EXERCISE OBJECTIVE
Would you write out every record that follows exactly, with the pictures left out?

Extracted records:
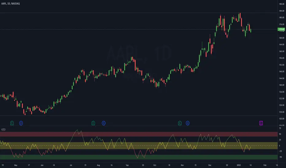 Whilst the VZO is already smoothed with an exponential moving average, the indicator settings include an additional 'smoothing' function to remove any excess 'noise' in the plots for intraday use.
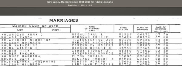 Fidelia John "Frederick" Lanciano were married in July 1950 in Boonton, Morris, New Jersey, USA. She died on March 1, 2018, at age 92, in Boonton, Morris, New Jersey, USA. She was buried in Rosedale Cemetery, Orange, New Jersey.
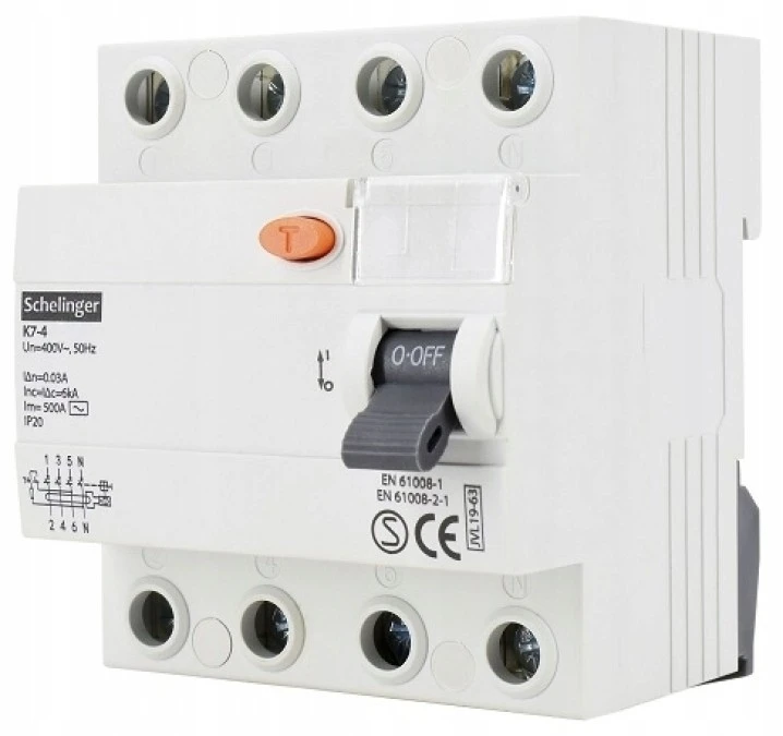 6. Wyłącznik różnicowoprądowy AC 4P 25A 30mA Schelinger A03-V7-4-25-030 85.24
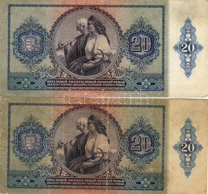 1941 20P erősen lefelé tolódott tévnyomat támpéldánnyal! T:II/III https://www.darabanth.com/de/18-Fernauktion/18.0/Numismatik/~197/1941-20P-erosen-lefele-tolodott-tevnyomat-tampeldannyal-TIIIII~II32922
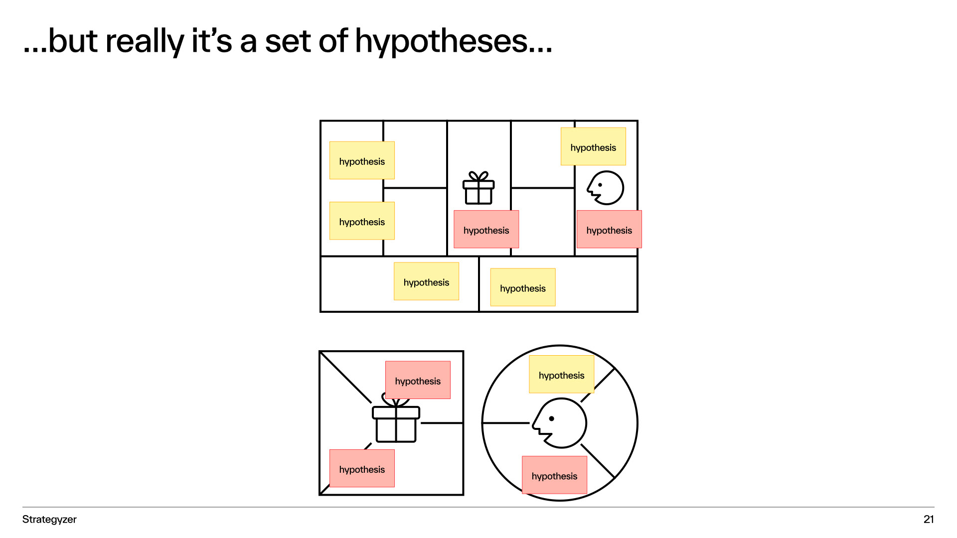 Applying a new visual system to presenters' slides to visualize the Strategyzer innovation methodology.
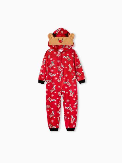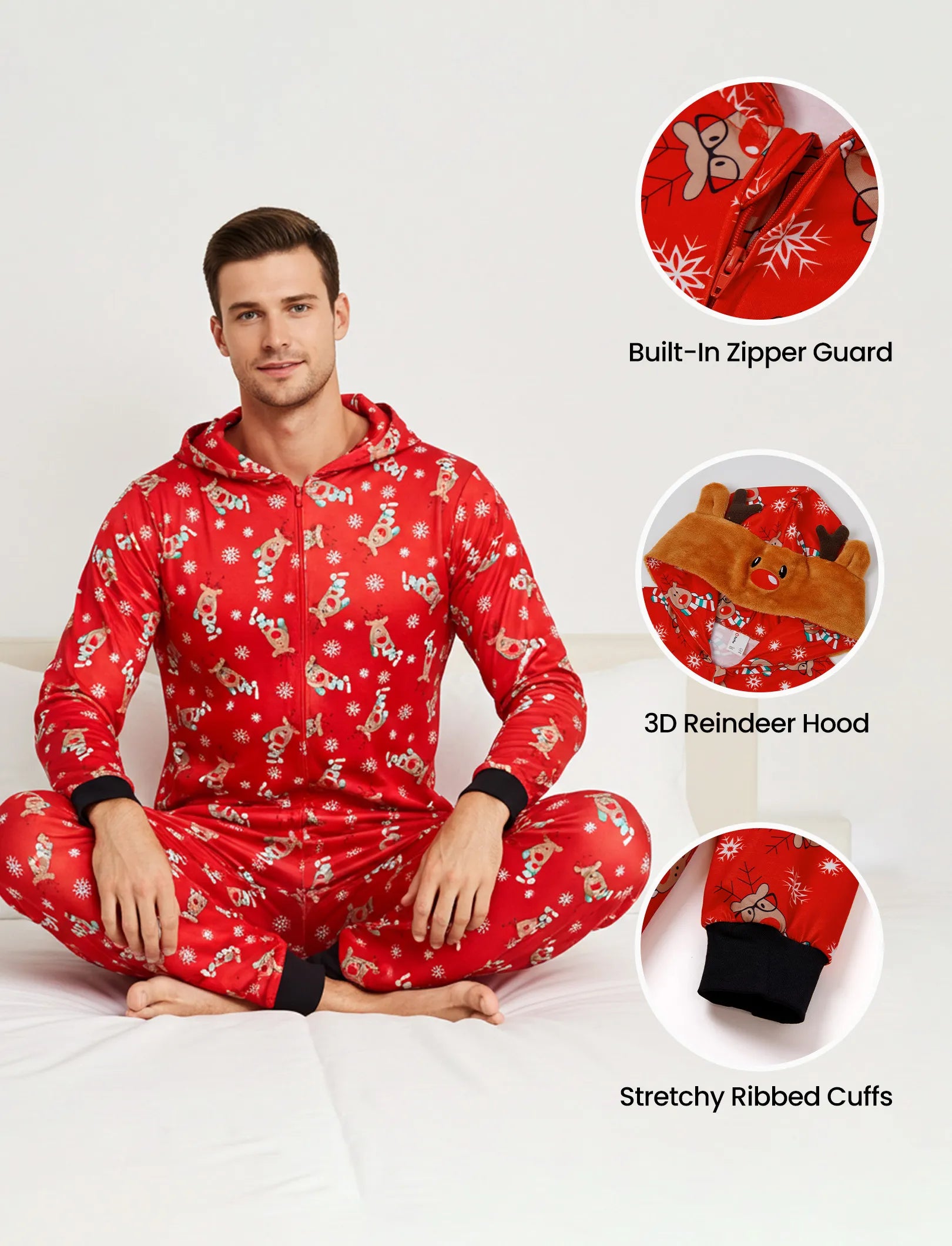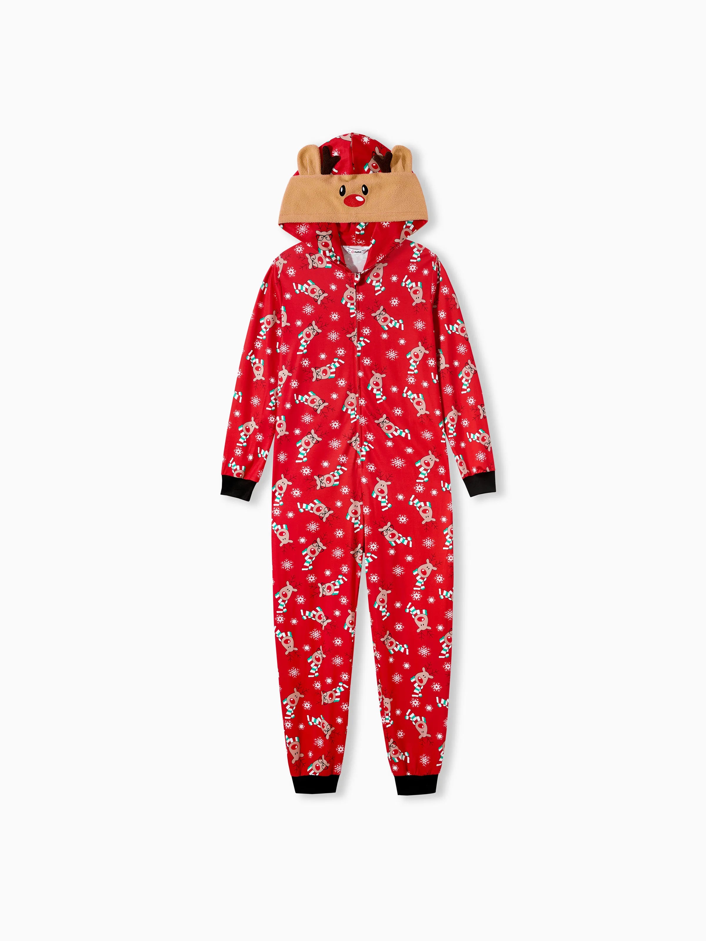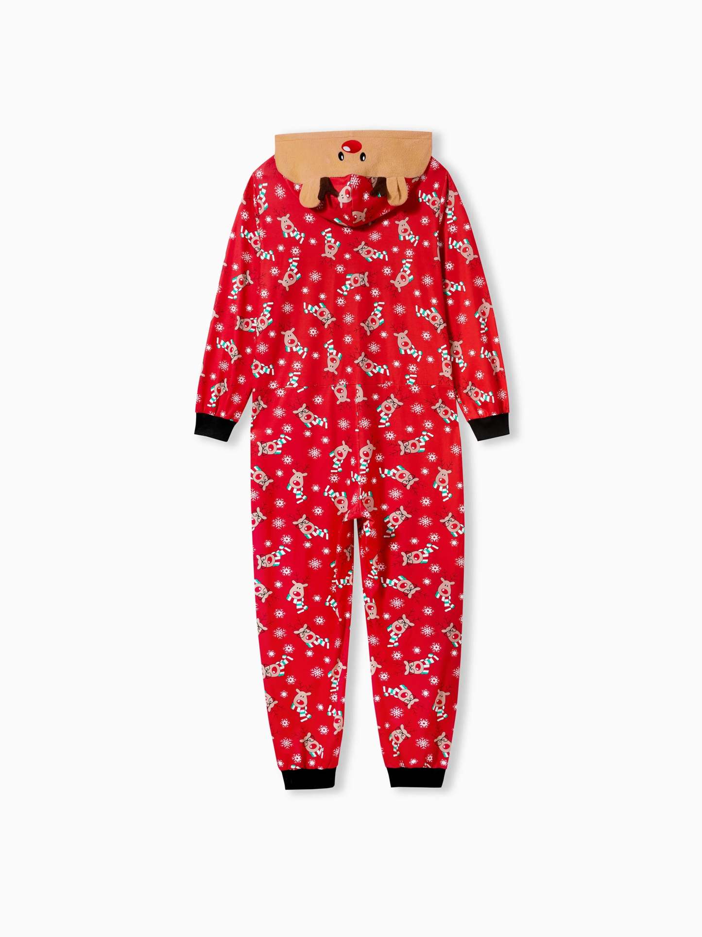 Christmas Matching Family Pajamas Set 3D Reindeer Hooded Allover Reindeer Print Onesie PJS with Christmas Socks Red

RESULT OF THIS TASK
 Whilst the VZO is already smoothed with an exponential moving average, the indicator settings include an additional 'smoothing' function to remove any excess 'noise' in the plots for intraday use.
 Fidelia John "Frederick" Lanciano were married in July 1950 in Boonton, Morris, New Jersey, USA. She died on March 1, 2018, at age 92, in Boonton, Morris, New Jersey, USA. She was buried in Rosedale Cemetery, Orange, New Jersey.
 6. Wyłącznik różnicowoprądowy AC 4P 25A 30mA Schelinger A03-V7-4-25-030 85.24
 1941 20P erősen lefelé tolódott tévnyomat támpéldánnyal! T:II/III https://www.darabanth.com/de/18-Fernauktion/18.0/Numismatik/~197/1941-20P-erosen-lefele-tolodott-tevnyomat-tampeldannyal-TIIIII~II32922
 Applying a new visual system to presenters' slides to visualize the Strategyzer innovation methodology.
 Christmas Matching Family Pajamas Set 3D Reindeer Hooded Allover Reindeer Print Onesie PJS with Christmas Socks Red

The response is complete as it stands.